Combinatorics of Correlated Equilibria

TL;DR

This paper explores the combinatorial structure of correlated equilibrium polytopes in games, introducing a stratification method and analyzing their algebraic boundaries, with specific results for small games.

Contribution

It introduces a stratification approach for correlated equilibrium polytopes and characterizes their algebraic boundaries, providing a detailed analysis for small game sizes.

Findings

The full-dimensionality region is a semialgebraic set.

For (2 x n)-games, the algebraic boundary is composed of coordinate hyperplanes and binomial hypersurfaces.

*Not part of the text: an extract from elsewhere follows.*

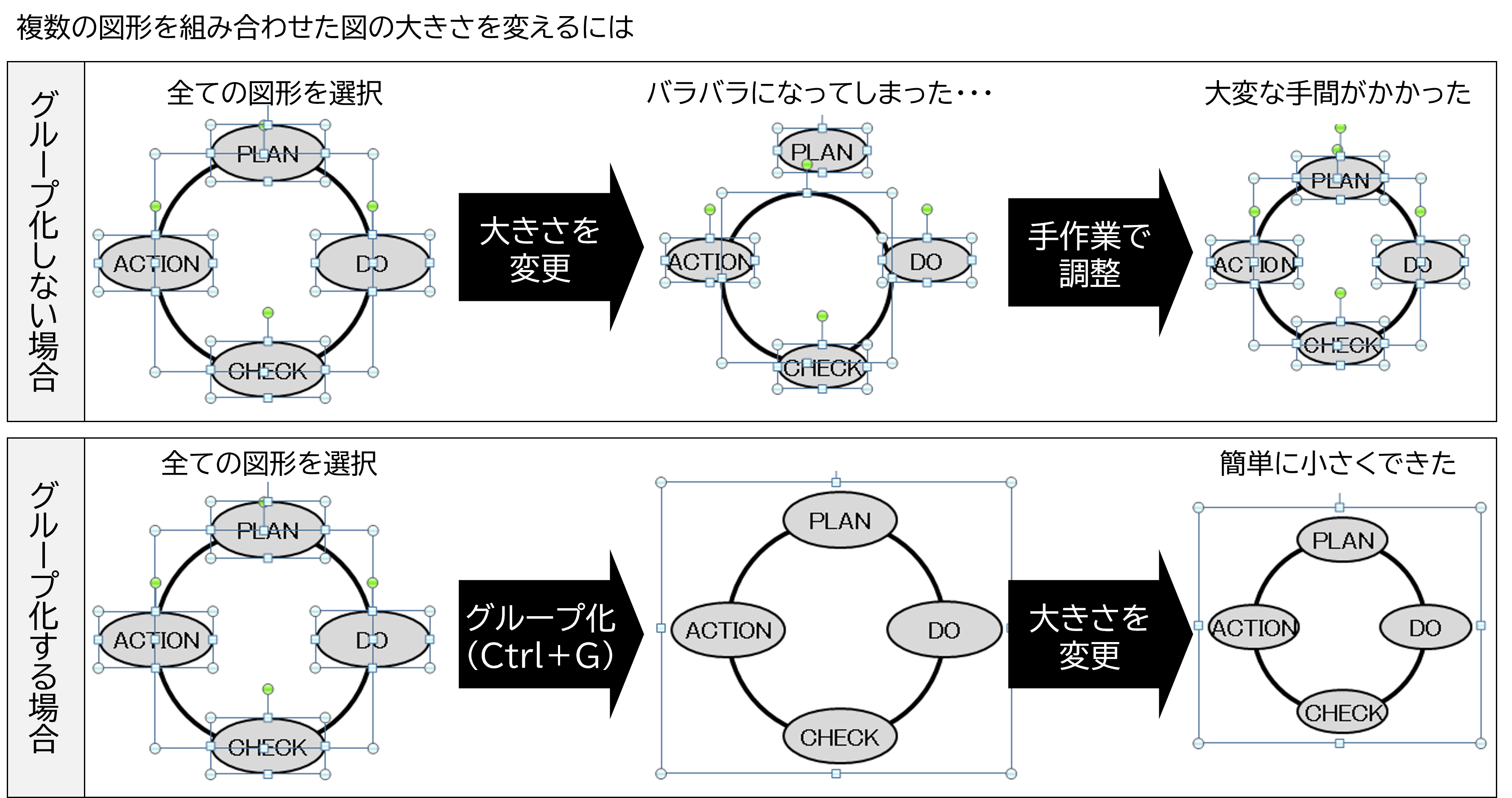 複数の図形を組み合わせて使うときは、図形を「グループ化」をすることで格段に扱いやすくなります。下図に、複数の図形を組み合わせた図の大きさを変える作業を示しました。
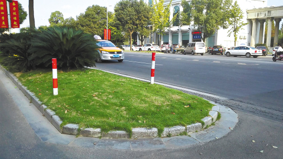 前天下午,记者来到位于临海银泰城东侧的勾山加油站。出入加油站机动车道,需要经过两道绿化带之间的缺口,而市民们所说的“事故点”,就在非机动车道从绿化带缺口拐入机动车道的转角处。

There is a unique maximal combinatorial type for generic (2 x 3)-games.

Abstract

We study the correlated equilibrium polytope $P_G$ of a game $G$ from a combinatorial point of view. We introduce the region of full-dimensionality for this class of polytopes and prove that it is a semialgebraic set for any game. Using a stratification via oriented matroids, we propose a structured method for describing the possible combinatorial types of $P_G$, and show that for $(2 \times n)$-games, the algebraic boundary of the stratification is a union of coordinate hyperplanes and binomial hypersurfaces. Finally, we provide a computational proof that there exists a unique combinatorial type of maximal dimension for generic $(2 \times 3)$-games.